My problem is that Chkdsk /f _(*f *being the drive in question)_ runs eveytime I fire up my PC and then sticks at "inserting an index entry into index $0 of file 25" and just loops the same command indefinately. If I skip the Chkdsk the drive appears in explorer, is the full 500gb capacity but of the ten or so folders in there only two appear.

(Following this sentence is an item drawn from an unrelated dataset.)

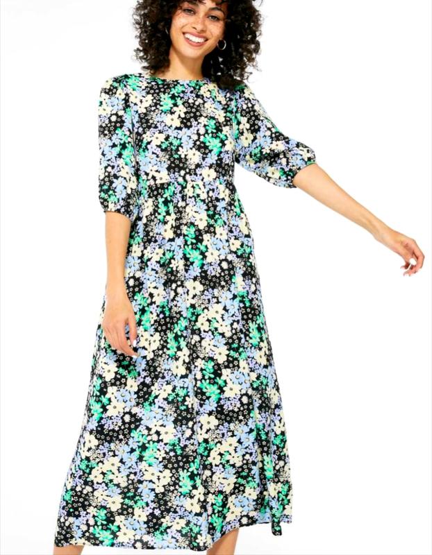 Сукня міді в квітковий принт New Look, в ідеальному стані без нюансів. З завищеною талією в стилві ампір. Приємна і комфортна до тіла тканина. Віскоза 100% Розмір S-M Довжина 112 см Рукав від горловини 42 см ОГ 88-92см ОТ 66-75см ОС 90-100 см
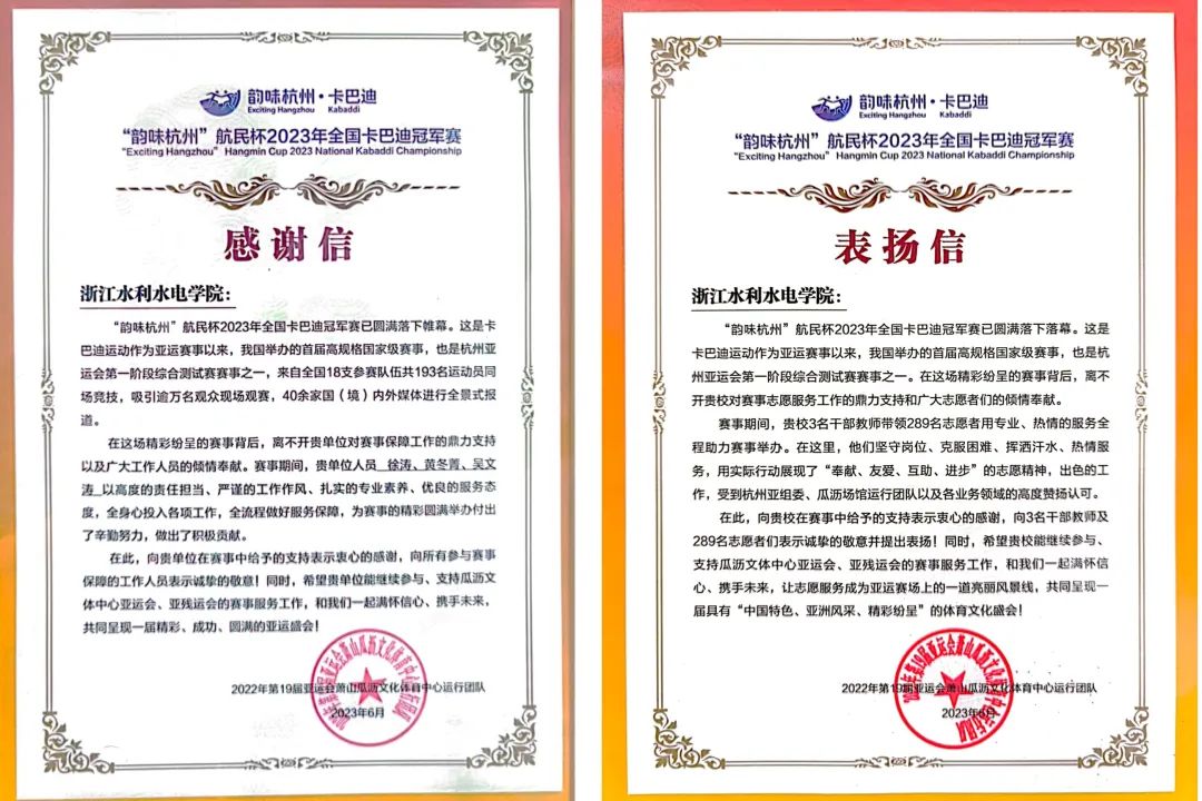 近日,杭州亚运会组委会办公室向浙江水利水电公司发来《关于表扬“红色领杭·奉献亚运”大考大赛暨“六大行动”先进集体和个人的通报》,公司员工、该校团委副书记、国际教育交流公司党总支副书记徐涛从上万名工作人员中脱颖而出,荣获先进个人荣誉称号。

The drive has all my MP3 collection on it (around 300GB) and I'd hate to have lost it, is there any other way I can try to recover the drive?

Many thanks,
Scallywag.


----------



## scallywag (Oct 2, 2001)

I have tried accessing "error checking" from the "F" drives properties in "My Computer" but that wont initialise.


----------



## Megabite (Apr 5, 2008)

You can try turning off disk check on startup

Go into Safemode

Click *Start*>>*Run *type *regedit *click *OK*

*Registry Edit*

*1*.Edit: *HKEY_LOCAL_MACHINE\SYSTEM\CurrentControlSet\Control\Session Manager*

*2*.Change the *BootExecute *entry from:

*autocheck autochk * /.........*<-------Drive name???

To:

*autocheck autochk **

See if that stops the Check disk on start up first


----------



## scallywag (Oct 2, 2001)

Hi Megabite,
Thanks for the reply.

Whilst I have been out enjoying the sun (today is officially the summer) I left the system doing a Chkdsk on the "F" drive and let it get to the loop and then left it running. I did this because after doing a bit of googling I found this link

http://www.rusiczki.net/blog/archives/2006/11/10/check_disk_headaches

It had quite a few replies about the problem resolving itself if you let the loop run and the Chkdsk have its time. Im not sure how long it took but upon my return it had restarted and the files were back.

I appreciate your advice and will keep it under for future reference or for such a time that the Chkdsk doesnt work its magic.

Thanks again for your time,
Scallywag


----------



## Megabite (Apr 5, 2008)

Good to hear.......hope you used sunblock


----------